ASSIGNED TASK: Nothing but the pictures should be left out when the entries below are duplicated.

Stored records:
____________

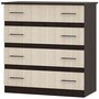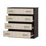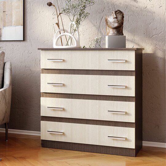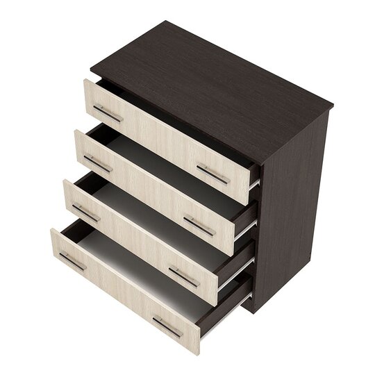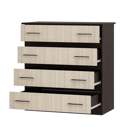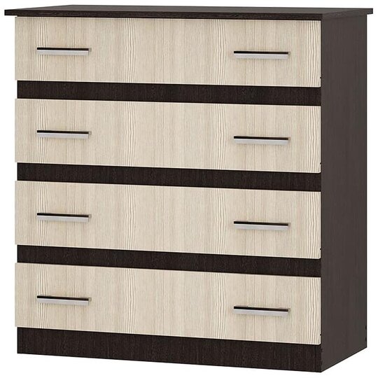 Классическая модель комода Стандарт №6 выполнена из ЛДСП высокого качества. В корпусе используется цвет венге, а фасады выполнены в цвете лоредо, комод состоит из четырех выдвижных ящиков, на каждом из которых расположены две ручки, модель Стандарт №6 выделяется увеличенной столешницей, выходящей за границы корпуса.
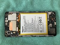 Use a mediator to un-clip the frame from the part where the screen, boards and battery sit. The mediator easily gets in close to the SIM tray. Slide it along the edges until it's unclipped everywhere. A ribbon cable connects the frame to the main board. Disconnect it and remove the frame from the rest of the phone.
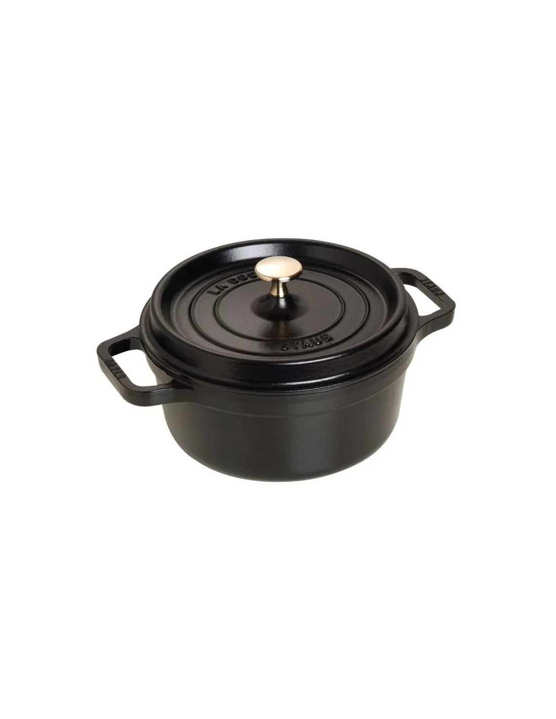 Esta Cocotte forma parte de la serie de Cocottes de Staub y es ideal para preparar guisos y estofados, ya se trate de un principiante, un cocinero aficionado o un chef galardonado. El hierro colado facilita una cocción lenta y saludable, ya que mantiene el calor absorbido y lo libera homogéneamente durante más tiempo. El recubrimiento esmaltado de color negro mate del interior de la Cocotte acentúa este efecto y potencia el sabor natural de los platos cocinados. La característica única del hierro colado esmaltado es que este efecto mejora cuanto más frecuentemente se utilice: no hay nada que iguale los intensos sabores de la comida preparada en esta Cocotte de color negro. Este recipiente tiene un diámetro de 22 cm y una capacidad de 2,6 litros y es por tanto adecuado para varias raciones si cocina para su familia o amigos. Cuando se enfría, el hierro colado tarda un tiempo en recuperar la temperatura ambiente, así los alimentos medio congelados se mantienen fríos durante más tiempo. Además, el hierro colado es fácil de limpiar y muy resistente. Es apto para todo tipo de cocinas, incluso las de inducción. Con esta Cocotte Staub elaborará deliciosos guisos y estofados en un santiamén.
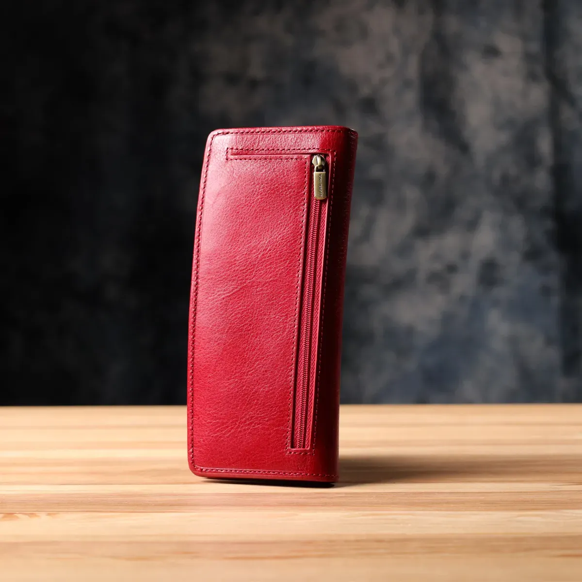 Містке жіноче класичне портмоне Tony Perotti у насиченому червоному кольорі поєднує елегантний зовнішній вигляд та продуману функціональність. Просторі відділення дозволяють зручно розмістити купюри, карти та документи, а зовнішня кишеня на блискавці забезпечує швидкий доступ до дрібниць. Брендована фурнітура, фірмова картата підкладка та тиснений логотип підкреслюють преміальну якість та стиль аксесуара.
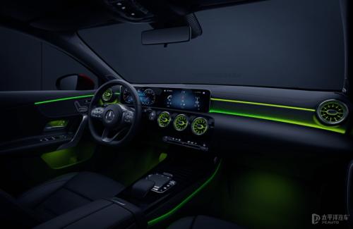 奔驰车型内饰豪华除了设计水平高而外,还有氛围灯的功劳,奔驰A级也不例外,它搭载了64色环境氛围照明系统,提供了10种颜色方案和100个级别的亮度调节,灯光环绕在车厢内,可以是实现不同颜色的持续渐变,例如跟随音乐节奏律动变化,每到夜间就给你一场灯光盛宴,让人爱不释手。
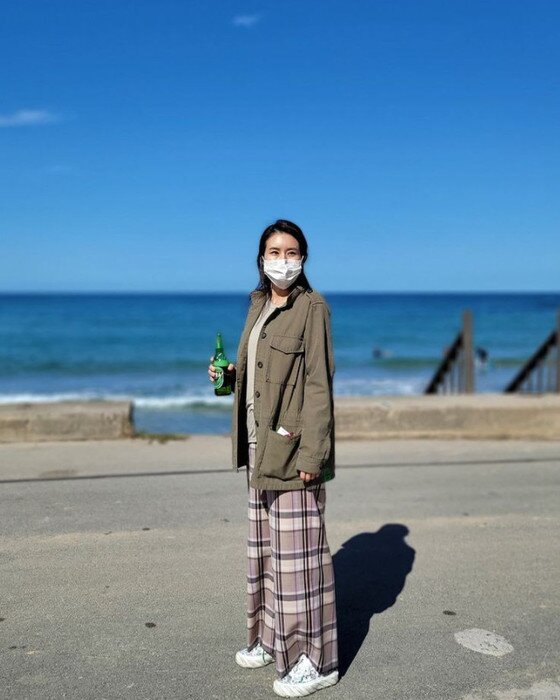사진에서 최정윤은 야상재킷에 체크(바둑판) 무늬 팬츠로 편안한 패션을 선보였다. 그는 한 손에 맥주 한 병을 들고 밝은 모습을 보이고 있어 눈길을 끈다.
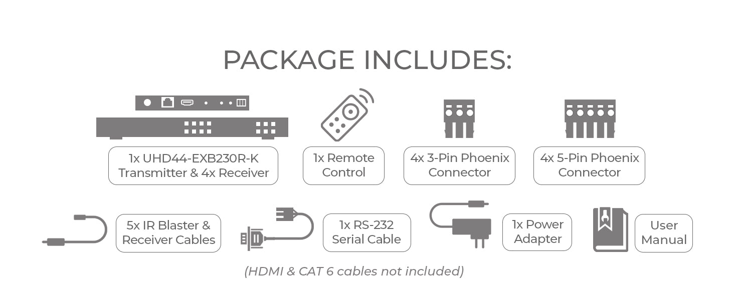 The UHD44-EXB230R-K is a 4K HDMI Matrix extender that distributes media signals from four inputs to four distant displays. It supports video resolutions up to 4K@60Hz
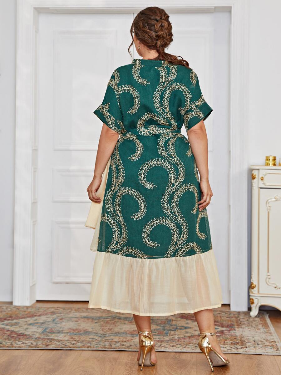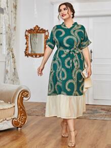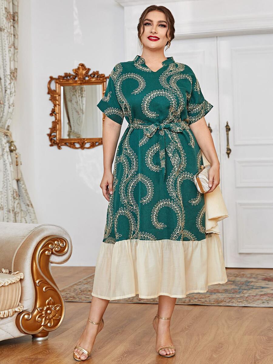 فستان بحزام بحافة مكشكش بطباعة نباتات مقاس كبير
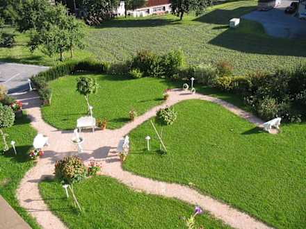 Blick vom Balkon auf den Garten
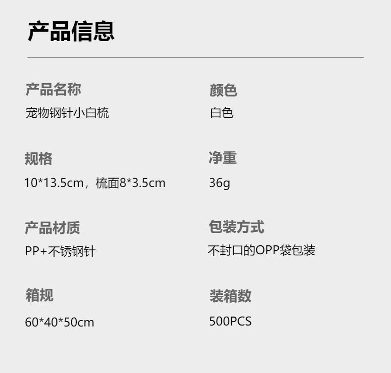 Peine de aguja de acero inoxidable para mascotas al por mayor perro gato depilación peine blanco limpieza depilación peine suministros para mascotas
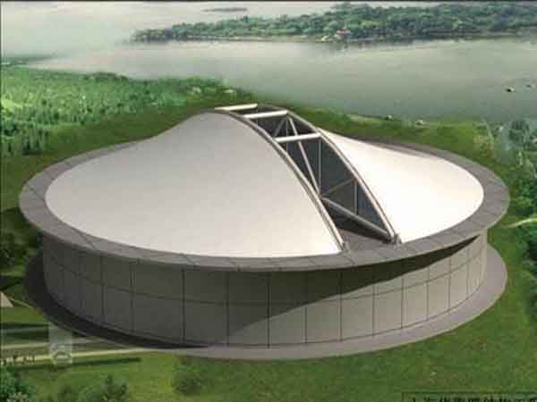 污水池加蓋膜結(jié)構(gòu)材質(zhì)說明:一般可分為張拉式膜結(jié)構(gòu)及骨架支承式膜結(jié)構(gòu)二種,它們具有不同的結(jié)構(gòu)特點(diǎn)、建筑表現(xiàn)形式,適應(yīng)不同的應(yīng)用場所。鋼支承反吊膜結(jié)構(gòu)是專門針對污水池加蓋開發(fā)的新型結(jié)構(gòu)方式,選用了耐腐蝕的膜材料作為覆蓋材,并通過反吊的形式來適應(yīng)污水池的腐蝕性環(huán)境。
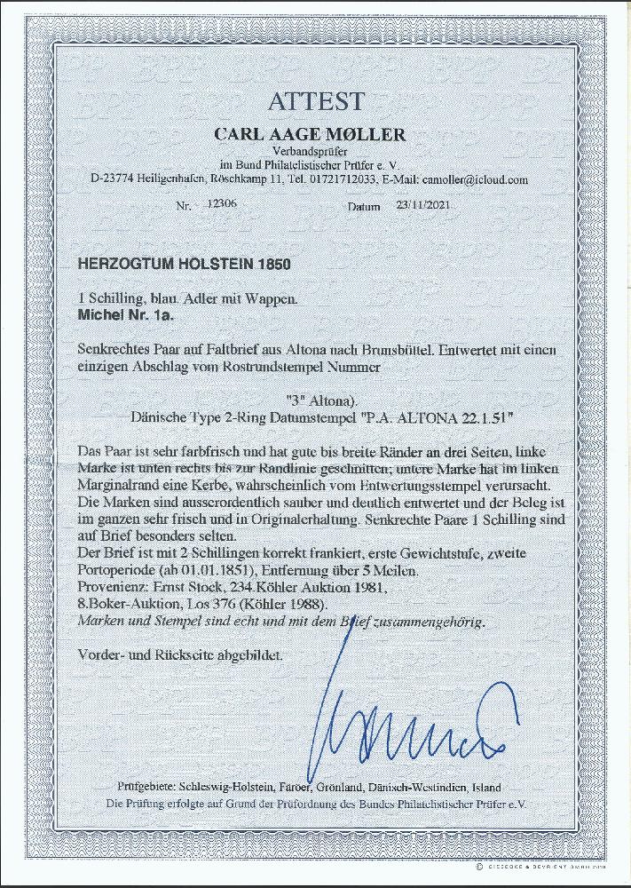 | Zusatzinformationen und Suchstichworte: | 378. Auktion Heinrich Köhler Auktionstermin 21.-26. März 2022 Los 244 1850, 1 Schilling blau im senkrechten Paar, unten rechts kurz in der Randlinie berührt, sonst voll- bis meist breitrandig, mit klar und leicht aufgesetztem Roststempel "3“ auf komplettem Faltbrief mit sauber nebengesetztem Doppelkreisstempel "P. A. ALTONA 22/1 51“ nach Brunsbüttel. Die untere Marke links kleiner Randspalt, wahrscheinlich bedingt durch die Abstempelung, sonst einwandfrei. Der Brief ist mit 2 Schilling korrekt frankiert für die erste Gewichtsstufe und einer Entfernung über 5 Meilen in der 2. Portoperiode ab dem 1. Januar 1851. Eine seltene und attraktive Frankatur; wir haben nur ein weiteres senkrechtes Paar auf Brief registriert. Fotoatteste RPSL (1929, etwas lädiert), und Møller BPP (2021) Ausruf 10.000,00 EUR Zuschlag 13.000,00 EUR (aus der Sammlung Erivan Haub) |

____________

EXERCISE OUTPUT:
 Классическая модель комода Стандарт №6 выполнена из ЛДСП высокого качества. В корпусе используется цвет венге, а фасады выполнены в цвете лоредо, комод состоит из четырех выдвижных ящиков, на каждом из которых расположены две ручки, модель Стандарт №6 выделяется увеличенной столешницей, выходящей за границы корпуса.
 Use a mediator to un-clip the frame from the part where the screen, boards and battery sit. The mediator easily gets in close to the SIM tray. Slide it along the edges until it's unclipped everywhere. A ribbon cable connects the frame to the main board. Disconnect it and remove the frame from the rest of the phone.
 Esta Cocotte forma parte de la serie de Cocottes de Staub y es ideal para preparar guisos y estofados, ya se trate de un principiante, un cocinero aficionado o un chef galardonado. El hierro colado facilita una cocción lenta y saludable, ya que mantiene el calor absorbido y lo libera homogéneamente durante más tiempo. El recubrimiento esmaltado de color negro mate del interior de la Cocotte acentúa este efecto y potencia el sabor natural de los platos cocinados. La característica única del hierro colado esmaltado es que este efecto mejora cuanto más frecuentemente se utilice: no hay nada que iguale los intensos sabores de la comida preparada en esta Cocotte de color negro. Este recipiente tiene un diámetro de 22 cm y una capacidad de 2,6 litros y es por tanto adecuado para varias raciones si cocina para su familia o amigos. Cuando se enfría, el hierro colado tarda un tiempo en recuperar la temperatura ambiente, así los alimentos medio congelados se mantienen fríos durante más tiempo. Además, el hierro colado es fácil de limpiar y muy resistente. Es apto para todo tipo de cocinas, incluso las de inducción. Con esta Cocotte Staub elaborará deliciosos guisos y estofados en un santiamén.
 Містке жіноче класичне портмоне Tony Perotti у насиченому червоному кольорі поєднує елегантний зовнішній вигляд та продуману функціональність. Просторі відділення дозволяють зручно розмістити купюри, карти та документи, а зовнішня кишеня на блискавці забезпечує швидкий доступ до дрібниць. Брендована фурнітура, фірмова картата підкладка та тиснений логотип підкреслюють преміальну якість та стиль аксесуара.
 奔驰车型内饰豪华除了设计水平高而外,还有氛围灯的功劳,奔驰A级也不例外,它搭载了64色环境氛围照明系统,提供了10种颜色方案和100个级别的亮度调节,灯光环绕在车厢内,可以是实现不同颜色的持续渐变,例如跟随音乐节奏律动变化,每到夜间就给你一场灯光盛宴,让人爱不释手。
사진에서 최정윤은 야상재킷에 체크(바둑판) 무늬 팬츠로 편안한 패션을 선보였다. 그는 한 손에 맥주 한 병을 들고 밝은 모습을 보이고 있어 눈길을 끈다.
 The UHD44-EXB230R-K is a 4K HDMI Matrix extender that distributes media signals from four inputs to four distant displays. It supports video resolutions up to 4K@60Hz
 فستان بحزام بحافة مكشكش بطباعة نباتات مقاس كبير
 Blick vom Balkon auf den Garten
 Peine de aguja de acero inoxidable para mascotas al por mayor perro gato depilación peine blanco limpieza depilación peine suministros para mascotas
 污水池加蓋膜結(jié)構(gòu)材質(zhì)說明:一般可分為張拉式膜結(jié)構(gòu)及骨架支承式膜結(jié)構(gòu)二種,它們具有不同的結(jié)構(gòu)特點(diǎn)、建筑表現(xiàn)形式,適應(yīng)不同的應(yīng)用場所。鋼支承反吊膜結(jié)構(gòu)是專門針對污水池加蓋開發(fā)的新型結(jié)構(gòu)方式,選用了耐腐蝕的膜材料作為覆蓋材,并通過反吊的形式來適應(yīng)污水池的腐蝕性環(huán)境。
 | Zusatzinformationen und Suchstichworte: | 378. Auktion Heinrich Köhler Auktionstermin 21.-26. März 2022 Los 244 1850, 1 Schilling blau im senkrechten Paar, unten rechts kurz in der Randlinie berührt, sonst voll- bis meist breitrandig, mit klar und leicht aufgesetztem Roststempel "3“ auf komplettem Faltbrief mit sauber nebengesetztem Doppelkreisstempel "P. A. ALTONA 22/1 51“ nach Brunsbüttel. Die untere Marke links kleiner Randspalt, wahrscheinlich bedingt durch die Abstempelung, sonst einwandfrei. Der Brief ist mit 2 Schilling korrekt frankiert für die erste Gewichtsstufe und einer Entfernung über 5 Meilen in der 2. Portoperiode ab dem 1. Januar 1851. Eine seltene und attraktive Frankatur; wir haben nur ein weiteres senkrechtes Paar auf Brief registriert. Fotoatteste RPSL (1929, etwas lädiert), und Møller BPP (2021) Ausruf 10.000,00 EUR Zuschlag 13.000,00 EUR (aus der Sammlung Erivan Haub) |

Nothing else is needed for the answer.